We are broken
February 7, 2020In 1526 the reformers embarked on a program of visiting the parishes in Electoral Saxony. It’s known as the Saxon Visitation. As would later be stated in the Augsburg Confession, its objective was to determine if “the gospel is taught purely and the sacraments are administered rightly.”
Martin Luther himself visited the parishes in and around Wittenberg. He wasn’t pleased. He found that many clergy didn’t receive adequate compensation, and that the gospel was not clearly taught or understood.
Luther, In his inimitable subtle style, wrote: “Dear God, what misery I beheld! The ordinary person, especially in the villages, knows absolutely nothing about the Christian faith, and unfortunately many pastors are completely unskilled and incompetent teachers.
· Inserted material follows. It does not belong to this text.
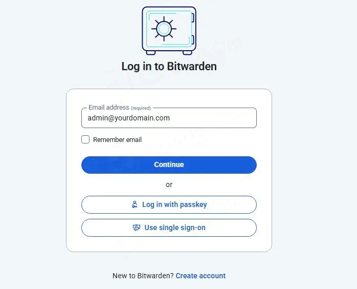 Чтобы завершить установку Bitwarden в Ubuntu 24.04, перейдите по URL-адресу, который вы указали при установке: http://yourdomain.com.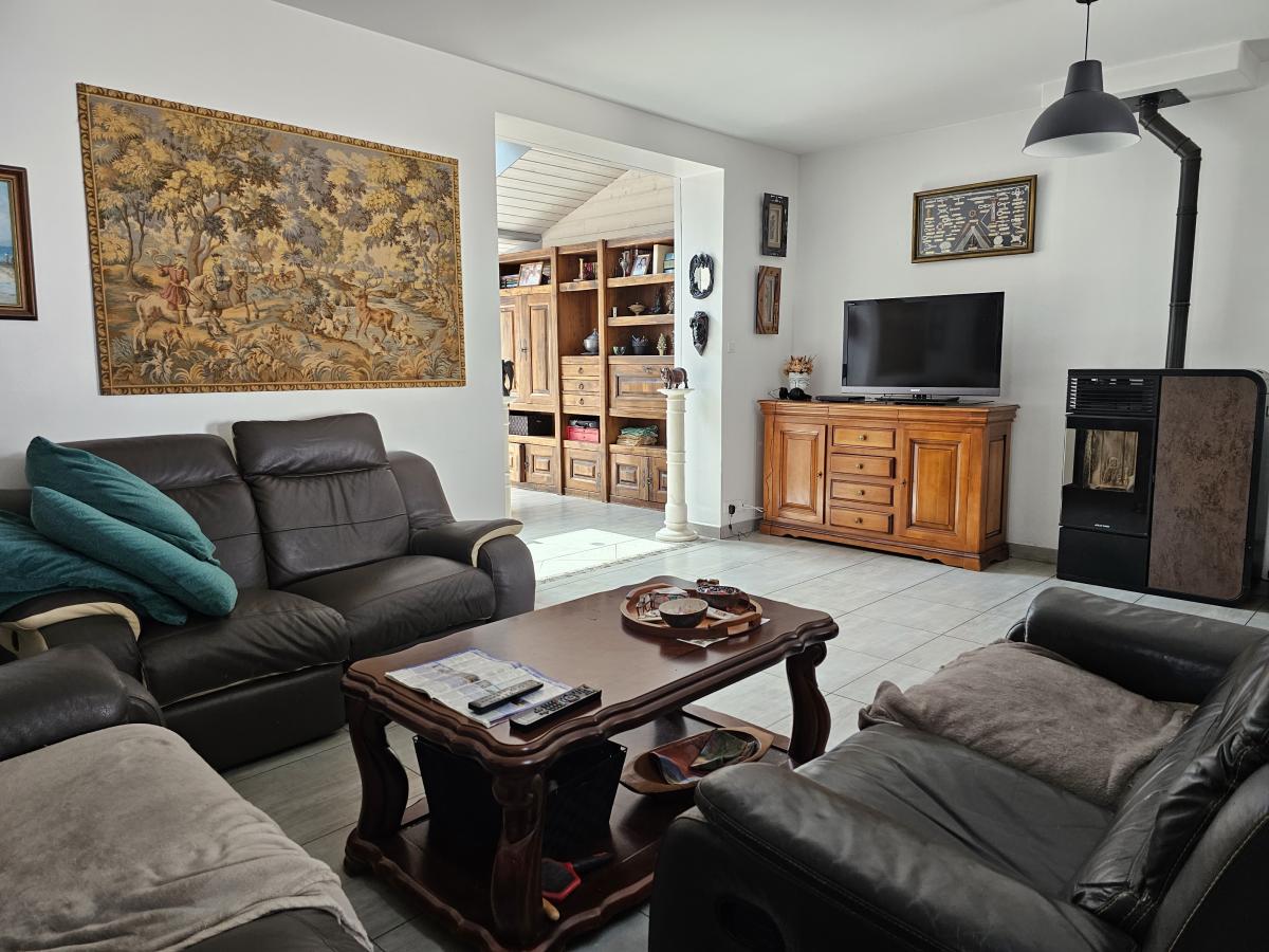 - Une première maison de plain-pied, d'environ 110,50 m² composée d'une belle pièce de vie avec un poêle à granulés, une cuisine aménagée et équipée, une véranda, deux chambres avec placards, un bureau, une salle d'eau et un WC (adaptés PMR).

Yet supposedly they all bear the name Christian, are baptized, and receive the holy sacrament, even though they do not know the Lord’s Prayer, the Creed, or the Ten Commandments! As a result, they live like simple cattle or irrational pigs and, despite the fact that the gospel has returned, have mastered the fine art of misusing all their freedom.” Yikes!
Luther’s experience led to the publication of his Small Catechism, a “Handbook for Ordinary Pastors and Preachers.” In clear and concise language, he explained the basics of the Christian faith so that all people, not just educated professionals, could understand the great gift of the gospel and live it in daily life.
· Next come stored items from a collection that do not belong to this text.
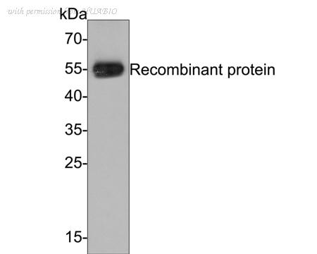 Western blot analysis of FAM38A / PIEZO1 on recombinant protein with Mouse anti-FAM38A / PIEZO1 antibody (M1005-2) at 1/500 dilution. Lysates/proteins at 50 ng/Lane. Exposure time: 1 minute; 10% SDS-PAGE gel. Proteins were transferred to a PVDF membrane and blocked with 5% NFDM/TBST for 1 hour at room temperature. The primary antibody (M1005-2) at 1/500 dilution was used in 5% NFDM/TBST at room temperature for 2 hours. Goat Anti-Mouse IgG - HRP Secondary Antibody (HA1006) at 1:100,000 dilution was used for 1 hour at room temperature.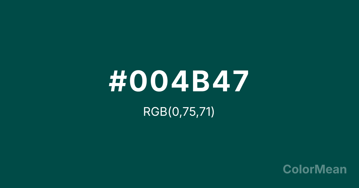 #004B47 RGB value is (0, 75, 71). The hex color red value is 0, green is 75, and blue is 71. Its HSL format shows a hue of 177°, saturation of 100 percent, and lightness of 15 percent. The CMYK process values are 100 percent, 0 percent, 5 percent, 71 percent.
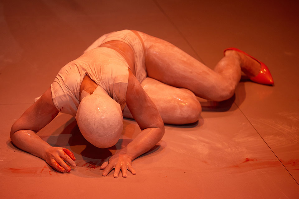 She appears in a monumental outfit that fills the entire table, her gestures are wide, her movements slow. First, we see her wearing an impeccable wig, then she’s ruined, wearing the red shoe only on her right foot, her clothes are dirty, her wig tousled, and she speaks obscenities.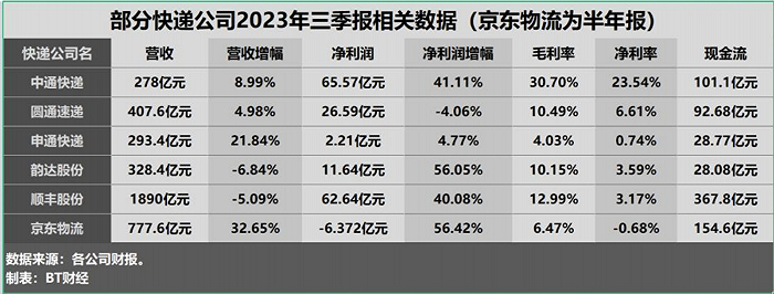 通过财报分析国内大部分的快递企业都是盈利的。2023年前三季度中通快递营收278亿元,同比增长8.99%;归母净利润65.57亿元,同比增长41.11%。期末现金及现金等价物余额为101.1亿元。毛利率为30.70%,净利率为23.54%。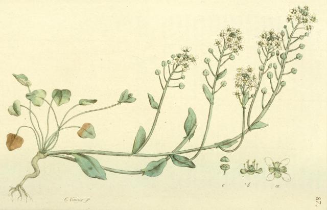 Denna bild är från boken Svensk Botanik, band 2, 1803, sida Cochlearia officinalis.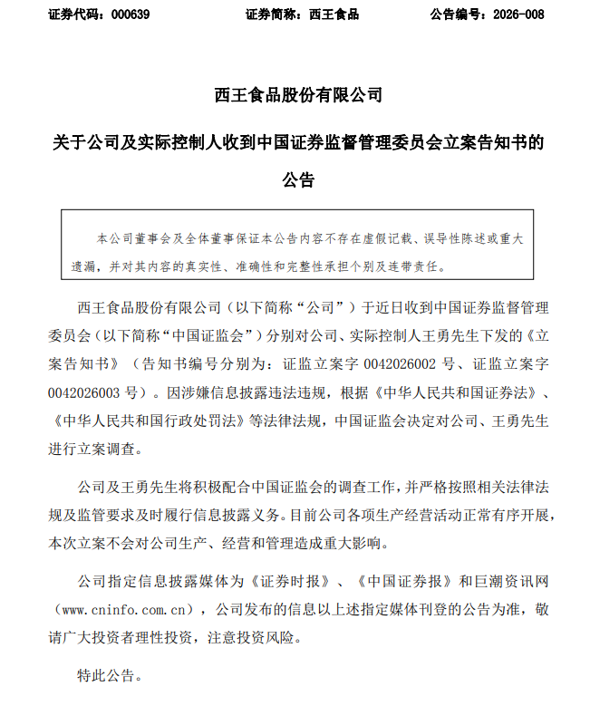 4月28日盘后,“玉米油第一股”的西王食品(000639.SZ)一口气披露了多份利空公告,不仅因“违规信披”被证监会立案调查,还因2025年财报内部控制被审计机构出具否定意见,股票交易即将戴帽ST。

Theologian Timothy Wengert points out that Luther rearranged the typical order of medieval catechisms to make clear the evangelical understanding that the good news means law and gospel, judgment and promise. Luther “insisted on moving from law (Ten Commandments) to gospel (Creed and Lord’s Prayer).”
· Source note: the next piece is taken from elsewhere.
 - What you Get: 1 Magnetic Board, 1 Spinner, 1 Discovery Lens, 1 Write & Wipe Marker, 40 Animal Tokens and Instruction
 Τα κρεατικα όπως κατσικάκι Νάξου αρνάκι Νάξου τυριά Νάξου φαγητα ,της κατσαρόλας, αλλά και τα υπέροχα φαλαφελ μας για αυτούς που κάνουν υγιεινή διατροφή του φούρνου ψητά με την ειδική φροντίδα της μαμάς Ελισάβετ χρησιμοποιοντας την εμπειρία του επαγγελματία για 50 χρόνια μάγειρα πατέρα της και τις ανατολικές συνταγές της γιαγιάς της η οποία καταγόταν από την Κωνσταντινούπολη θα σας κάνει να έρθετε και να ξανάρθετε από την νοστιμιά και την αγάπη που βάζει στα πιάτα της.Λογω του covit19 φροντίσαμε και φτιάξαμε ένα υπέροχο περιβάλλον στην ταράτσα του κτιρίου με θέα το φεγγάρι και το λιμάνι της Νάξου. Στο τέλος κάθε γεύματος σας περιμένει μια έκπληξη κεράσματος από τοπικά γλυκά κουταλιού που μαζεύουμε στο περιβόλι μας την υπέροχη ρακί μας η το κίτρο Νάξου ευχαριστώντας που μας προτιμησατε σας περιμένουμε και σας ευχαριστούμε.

This uniquely Lutheran understanding of the gospel is an important contribution to the Christian movement.
This uniquely Lutheran understanding of the gospel is an important contribution to the Christian movement. It calls out the reality of the human condition, that we are broken and have broken creation, that we are captive to sin and cannot free ourselves, that we need a just and loving God who has no illusions about human nature and, at the same time, has infinite love that claims us and sets us free.
This is true evangelicalism that rejects what I call the “Billy Joel gospel” that declares: “I like you just the way you are.” God’s love is unconditional, but God does not like us just the way we are—that’s why we have Jesus.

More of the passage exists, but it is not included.